On the Nothing Course, held somewhere in the wilderness near Prescott, AZ, I slept on a litter of leaves, with straw I’d yanked from a meadow stuffed between my shirt and my trusty old LL Bean windbreaker for warmth. A garbage bag filled with more straw and leaves was my only blanket.
It got down to 49 degrees long before the dawn.
I listened to owls and ringtails on that endless, freezing cold night, pressing as close as I dared to the backs of the polite, mostly married men who’d signed up for the course along with me. I would have climbed inside their skins had I not thought it would shock their tender sensibilities. (Aside from Cody, I never heard a single one of them utter profanity. I, on the other hand, was cursing up a storm.) Believe me, by three AM, had a Tauntaun strolled by, I’d have slit that shit wide open with one of the stone knives I’d knapped, and made a nice toasty home inside its guts.

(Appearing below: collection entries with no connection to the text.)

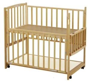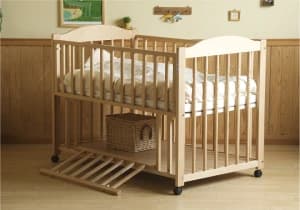 「使いやすさ」にこだわって作られたベビーベッド。かがまずにお世話ができるハイタイプで、腰の負担を軽減します。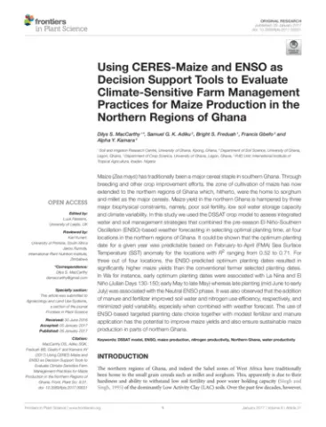 Using CERES-maize and ENSO as decision support tools to evaluate climate-sensitive farm management practices for maize production in the northern regions of Ghana
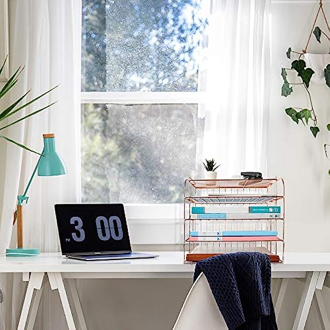 Spacrea Letter Tray, 4 Tier Rose Gold Desk Organizers and Accessories for Women, Stackable Paper Tray Organizer Desk File Organizer with 1 Upper Display Shelf (Rose Gold)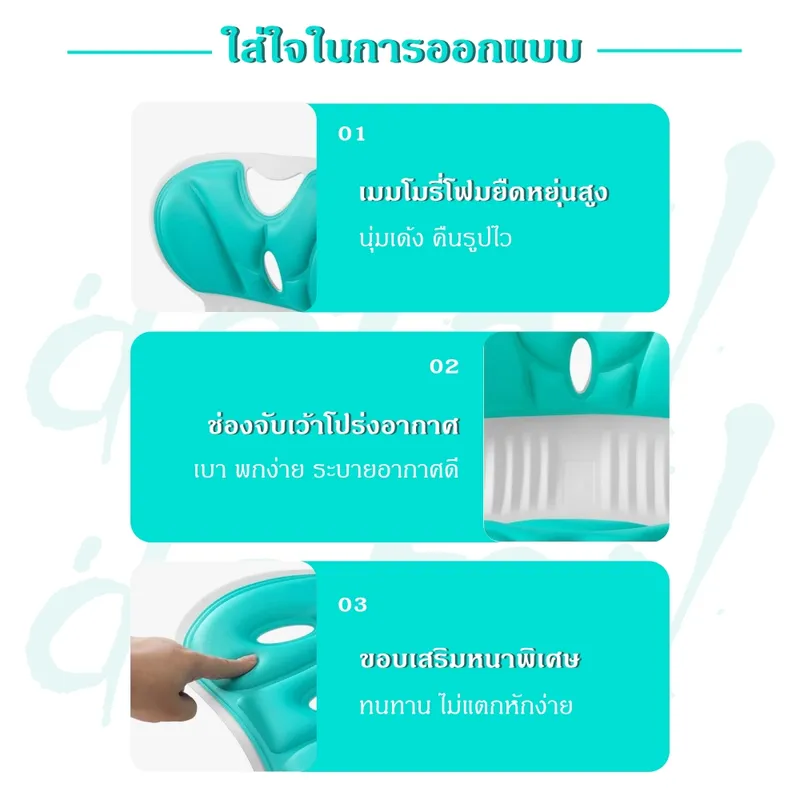 เบาะรองนั่งพยุงหลังเพื่อสุขภาพ (Ergonomic Posture Support Cushion) ช่วยพยุงแนวกระดูกสันหลังให้ตรง ลดแรงกดจากการนั่งนาน ปรับสรีระให้นั่งได้อย่างเป็นธรรมชาติ ไม่ปวดหลัง ไม่เมื่อยเอว

I was at a place where I desperately needed to do something “I’ve never.” I needed newness, and challenge, and to meet people with whom I had nothing in common. (Two of our tribe, including the only other woman, were Doomsday Preppers, decked out in full hunting camo.) I needed to be away from Facebook, and the phone, the stock market, my own obsessive ruminations. On this course I certainly got that, and I didn’t miss those things for a moment. I had more immediate concerns, a clear purpose – learn the skills I need to get me through the next thirty-six hours, and work with my fellow humans to achieve success – ie, basic survival.

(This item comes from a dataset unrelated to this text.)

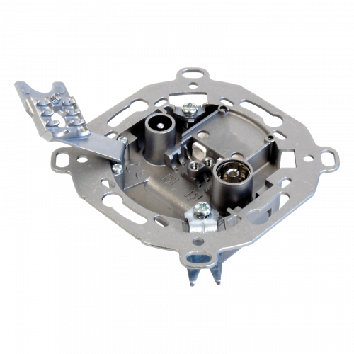Gniazdo końcowe z filtrem rozdzielającym z dwoma złączami IEC. Złącze IEC męskie do FM (radio) i TV naziemnej (strona lewa), złącze IEC żeńskie do TV satelitarnej (IF, strona prawa).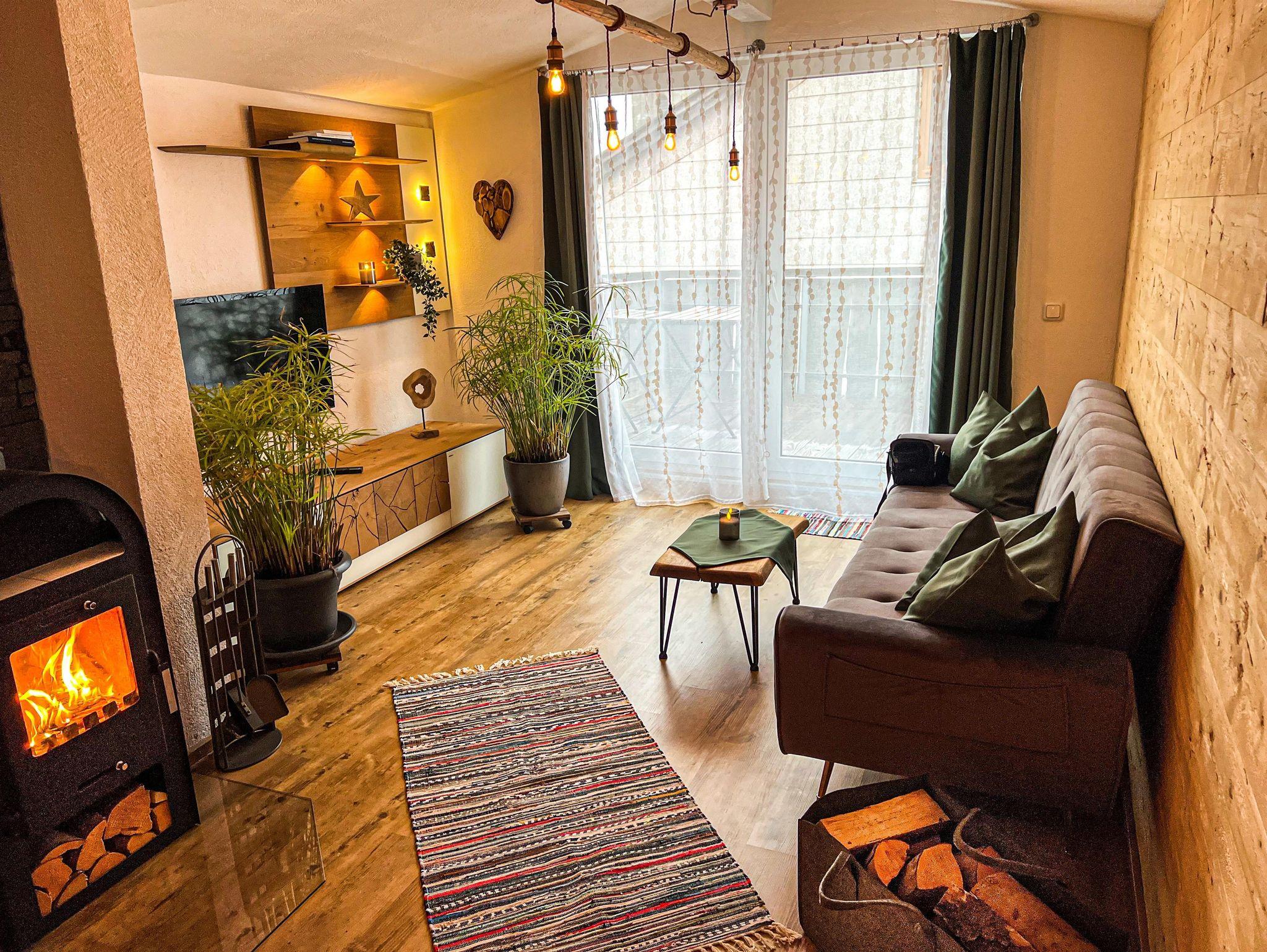 Übergehend aus dem Luftraum in den weiteren Wohnbereich mit Zugang zur Dachterasse befindet sich einladend, neben dem zweiten Kaminofen und zusätzlichem Flachbildfernseher eine ausziehbare Schlafcouch mit weiterer Kapazität für einen muckligen Schlafplatz.

In this, I had a fabulous instructor.

Cody shows us how to make discoidal knives
Cody Lundin is just like he seems on TV on Dual Survival (except that final “behind the scenes” episode, which was a total, feeble hatchet job.) I’m pretty sure I’ve even seen him wearing the exact same outfit on the show, down to braids, bandana, and ankle cuff bracelet (how does that not chafe when you walk?). And yeah, his feet are as gnarly as they’d need to be to take him all over the world unshod.

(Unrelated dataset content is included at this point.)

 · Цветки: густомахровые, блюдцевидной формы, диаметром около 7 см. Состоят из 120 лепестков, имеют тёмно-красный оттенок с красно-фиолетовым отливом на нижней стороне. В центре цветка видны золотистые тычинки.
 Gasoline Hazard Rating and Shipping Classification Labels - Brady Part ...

Cody has such a dearth of bullshit he is, effectively, a bullshit vacuum, sucking the crap from everyone around him. He tells it like it is, tells you what you need to know, and boy, does he know what he’s talking about. Before we left he went over everything from our greatest enemies (hypo-and-hyperthermia) to where and how to poop in the woods. (Thank god our trip was less than two days so I didn’t have to put that knowledge to the test.) He and his fellow instructor Mark, an immensely kind and competent man, taught us everything from tinder bundle techniques to selecting the right switch of willow for our hand-drill fire kits.

Our Tribe Makes Fire!
I went in with the knowledge that I would be physically uncomfortable and mentally way out of my element. Both of these were accurate. And honestly, up until the last couple hours when my body started to give out in earnest, I didn’t mind at all. I lay in the dirt cheerfully. I let ants and beetles crawl on me and didn’t cringe at every rustle in the brush. (I was, however, grateful to the guy next to me who plucked away a caterpillar that had encroached upon my sleeping area overnight.) I didn’t cavil or complain about what I was asked to do, and I pitched in enthusiastically (or at least as enthusiastically as one can when running on a two-day sleep and calorie deficit, plus dehydration). After all, I was paying for this experience. But it wasn’t just that. I simply didn’t give a flying fuck about all the little discomforts. Dirt under the nails? Eh, whatever. I’ll get a wash soon enough. Nothing to eat? I’m sure there’s a Denny’s back in Prescott, and I can hold out a while longer. No Diet Coke?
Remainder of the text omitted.